DATA PROVIDED:
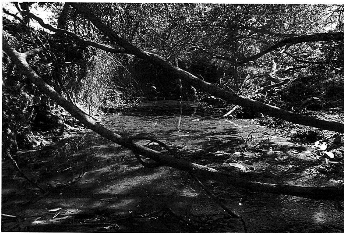
Foto11 e 12. Curso hídrico no limite leste do imóvel (córrego cabeceiras do rio dos Bois).
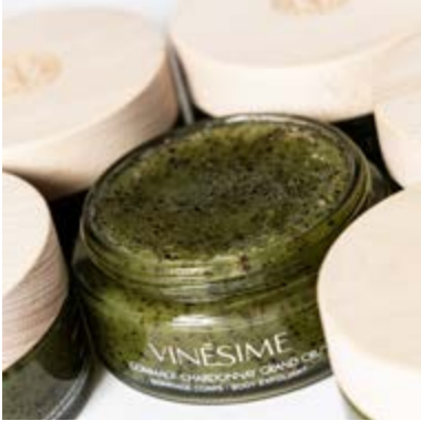
GOMMAGE CHARDONNAY GRAND CRU
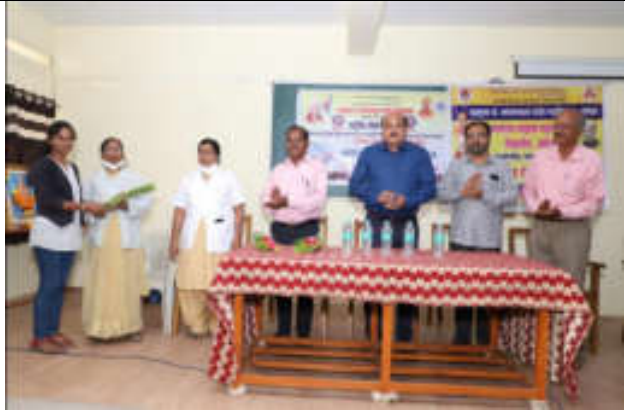
Hospital Staff Felicitated By N. S. S. Students
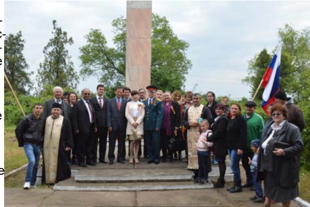
9 mai 2016 Budești

de arme și muncă grea. Eroismul și spiritul de sacrificiu, manifestate de generația timpurilor acestui război, vor rămîne pentru noi drept (continuare în pag. 11) →

WORK TO COMPLETE: Once you find the line that contains "Hospital Staff Felicitated", give it again along with every later line through the end of the data, word for word, minus the pictures.

EXERCISE SOLUTION:
Hospital Staff Felicitated By N. S. S. Students
9 mai 2016 Budești

de arme și muncă grea. Eroismul și spiritul de sacrificiu, manifestate de generația timpurilor acestui război, vor rămîne pentru noi drept (continuare în pag. 11) →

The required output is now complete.